У меня было впечатление, что столик со мной соглашается, хотя постукивание моих замерзших пальцев звучало глухо, и я, должно быть, выглядела не просто смешно, но и гротескно, закутанная поверх кофты и толстого зимнего костюма еще и в просторный, изношенный махровый темно-синий шлафрок моей бабушки, достопочтенной госпожи Джорджевич, придворной дамы одной сербской королевы в изгнании. Давней королевы, разумеется, той, XIX века.
(Я только еще кое-что тебе скажу, по поводу пуризма в языке, а именно по поводу слова шлафрок.
— Подай мне, пожалуйста, тот мой шлафрок, — сказала бабушка и медленно встала с высокой старинной резной кровати с высоким полукруглым изголовьем.
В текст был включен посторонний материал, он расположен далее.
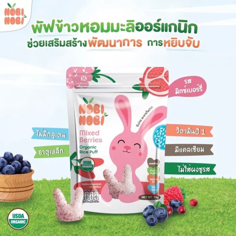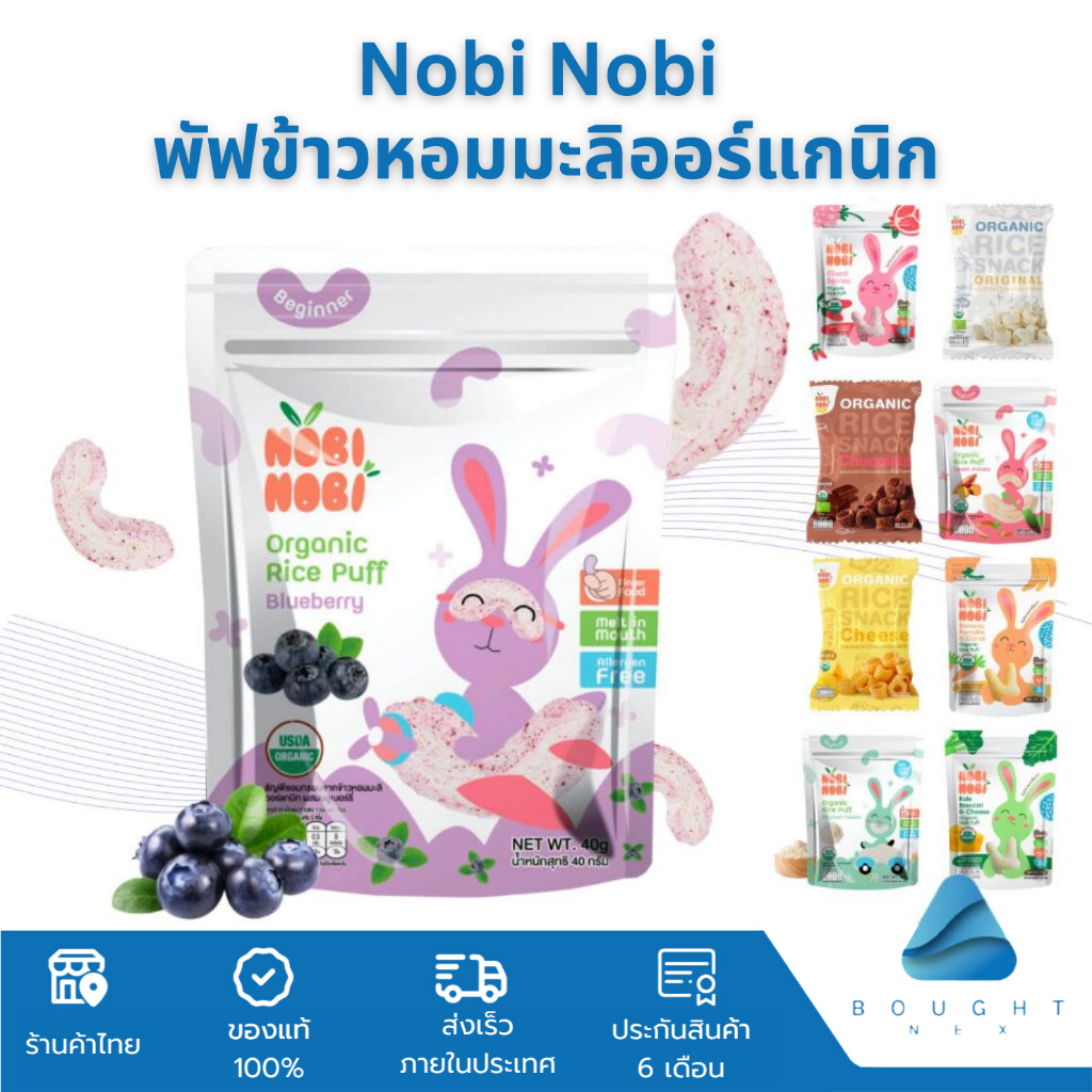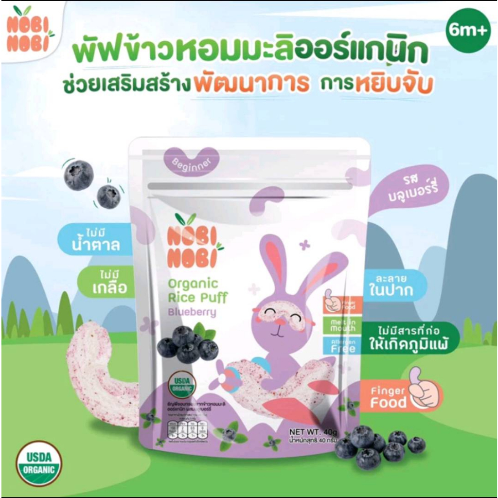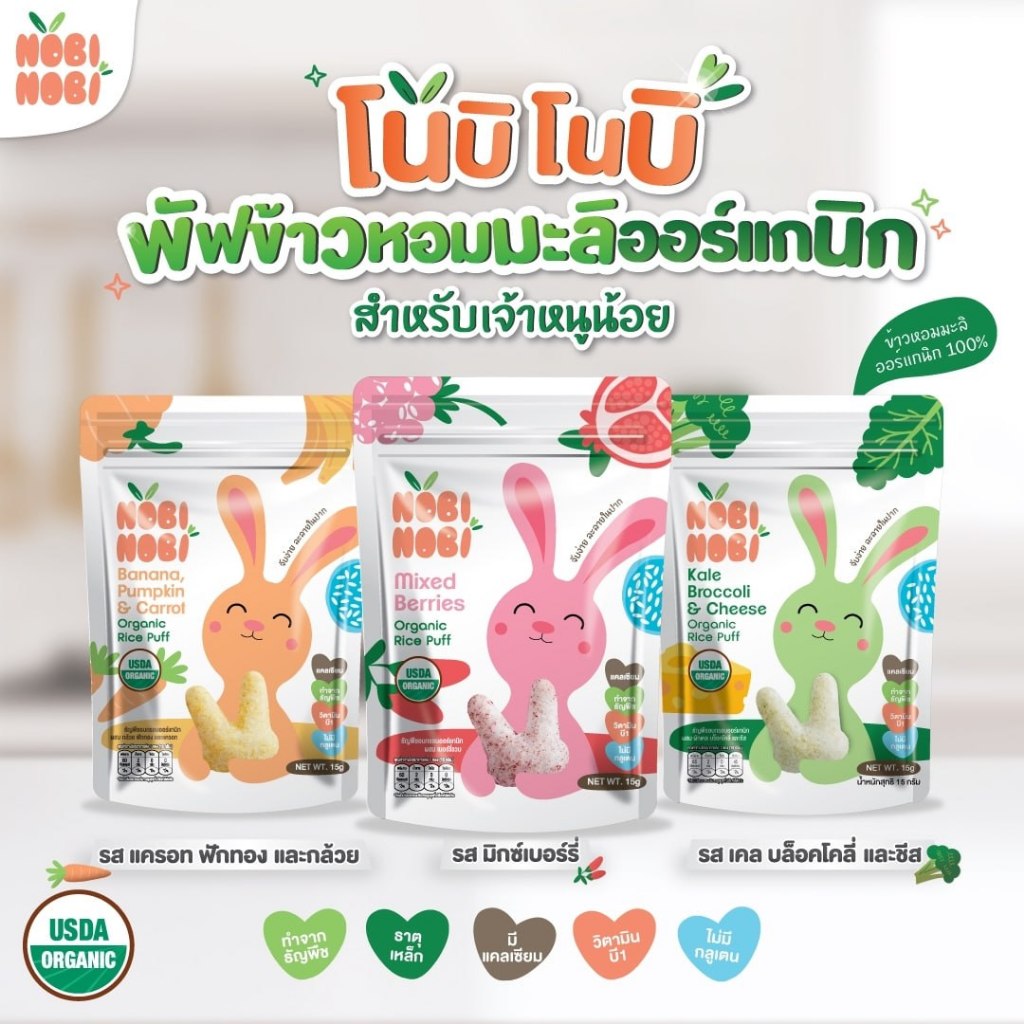 Nobi Nobi โนบิโนบิ ขนมข้าวหอมมะลิ ออร์แกนิก และพัฟ 15g 40g ขนมเด็ก แคลเซี่ยมสูง ขนมสำหรับเด็ก 6M+

Я накинула шлафрок на пожелтевшие, худые, быстро постаревшие плечи — моя бабушка долго казалась мне молодой, стройной, подвижной женщиной, — на ключицы, обтянутые истончившейся, сухой кожей, обсыпанной стайками темных пятнышек. Где-то под пищеводом, внезапно, появилась плотная боль, и все более горькая, затопила меня всю. Госпожа бабушка на меня не посмотрела, но улыбнулась. — Что такое, чего ты хотела? Я постарела, конечно, но уже и время пришло. Долго, дружочек, все это тянется. — Она прижала теплые рукава шлафрока к животу. — Сохрани его, когда меня уже больше не будет, он был для меня важным. Сейчас я тебе кое-что скажу, но, чур, не смеяться, авангардистка ты эдакая! — На нем слезы Ее Величества.
Видишь ли, если использовать слова домашний халат вместо слова шлафрок, то я не смогла бы призвать ни одно из тех сейчас, в которых разговариваю с бабушкой, и ни это, в котором она мне в своей спальне, в доме на Господар-Евремовой улице, 26, за пару лет до этой, Второй войны, оставила в наследство и завещала свой старый шлафрок. Она оставила мне, в тот же день, и все свои драгоценности, равнодушно, и дом, но со шлафроком едва рассталась: он был ей очень дорог. Она купила его в Париже, а впервые надела в Биаррице, однажды летней ночью, когда бывшая королева, тоже впервые, кричала, заточенная в ночных кошмарах; он был на ней, и когда прекрасная Наталия, уязвленная предательством, плакала на людях. — Как ее только ни предавали! И в этом Биаррице, и до, и после. Эта ханжа Драга [84] , госпожа придворная дама, как и я, всегда с книгой в руках. Гадина. Настоящая двуличная деревенщина.
84
Драга (Драгиня) Луньевица-Машин (1866–1903) — фрейлина королевы Наталии Обренович, позже, в браке с Александром Обреновичем, королева Сербии. Из семьи крупного провинциального чиновника. Убита вместе с мужем в результате покушения.